Sit comfortably with your back straight, feet flat on the floor and hands in your lap. Breathing through your nose, focus on your breath moving in and out of your body. If physical sensations or thoughts interrupt your meditation, note the experience and then return your focus to your breath.
You’ll find in this exercise that you do not push the thoughts out, but rather accept them and then continue on.
Mindfulness is a skill and truly requires practice. While I encourage you each to start these exercises, it may take time to become consistently successful with mindfulness practice.
Coping with Loss
When we think about coping with loss, we often think of grieving the loss of a loved one. However, there are several other events that we may process as a loss. Specific to aging, we may find older adults perceive a decline in physical function or cognitive skills as a loss. A decline in skills, fall or other unexpected event may require an aging adult to need increased assistance with daily activities and move into a facility. There are many factors of moving into a facility that can be construed as a loss. If the individual needs to sell their home, donate items, spend down to receive state assistance they may be experiencing a loss. The other loss I commonly experience working with aging adults is the feelings of loss related to moving into late adulthood. There are fears related to aging that may or may not come to fruition as individuals move into late adulthood.
Coping with loss often requires being proactive and having a preventative mindset. If an individual feels they may have a difficult time with an experience, it may be helpful to work with a mental health counselor. Grief groups or support groups can be help in processing and coping with loss as we age.
Strengthening Social Connections
Socialization and staying connected is a hot topic in our pandemic world. If you are technologically blessed, you may have found video conferencing and social media to be helpful. If you’re more the traditional type, routine phone calls with friends and family may be helpful. If you’d like to become more involved, try getting volunteering to be a pen pal.
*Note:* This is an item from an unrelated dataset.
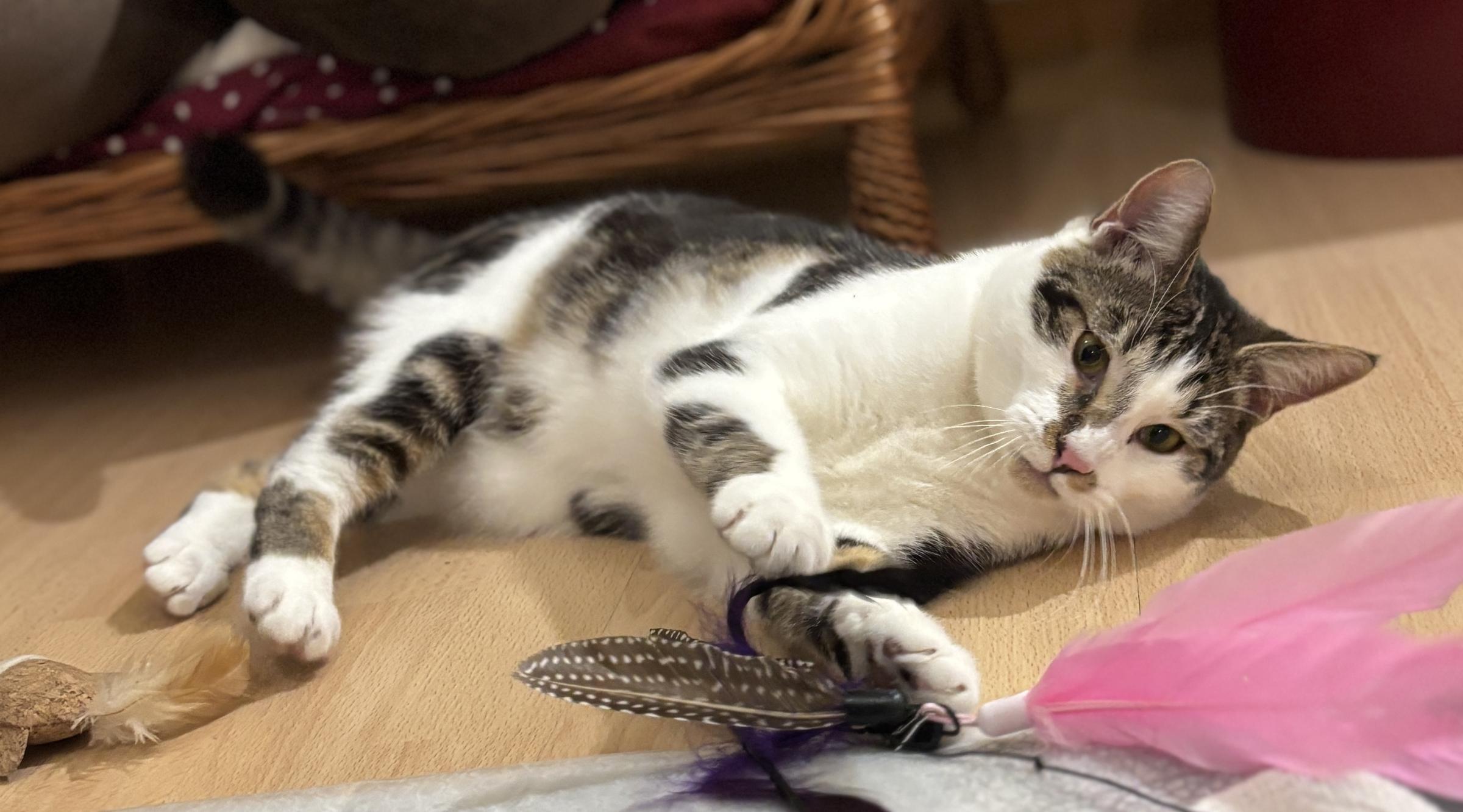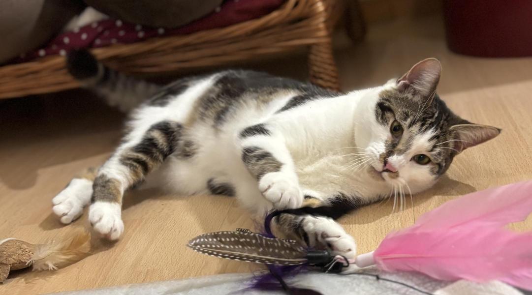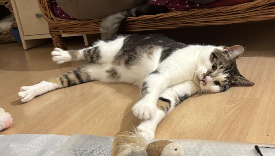 Seine Schwestern haben ein Zuhause gefunden und Loki ist nun übrig. Er ist noch etwas schüchtern, aber ein sehr feiner, lieber Kerl, der gerne spielt und sich auch streicheln lässt. Er lebt problemlos mit einem kleinen Hund zusammen und taut von Tag zu Tag mehr auf.

In Conclusion, we’ve talked a lot of about how to achieve and maintain emotional wellness. But what happens when it’s just not working? Depression and social isolation commonly occur in the aging adult population. However, depression is not a normal part of aging. Some common symptoms of depressing to lookout for include: low mood, loss of interest and pleasure, sleep disturbances, changes in appetite, trouble concentrating, feeling of hopelessness or worthlessness and lastly thoughts of suicide or self harm.
There are resources available if you or a loved one would benefit from mental health services. Medicare Part B covers mental health services with psychiatrists, psychologists, clinical social workers, nurse practitioners or physician assistants. If you or a loved one is struggling with thoughts of suicide, there is a national suicide prevention lifeline at 800-273-8255.
While COVID-19 has brought many unfortunate events, one of the few benefits is the increased access to Telehealth services. For older adults wanting to mitigate the risk of COVID-19, Telehealth can be an opportunity to receive services without increasing infection risk. And sometimes, it can feel a bit more comfortable to receive services from your own home!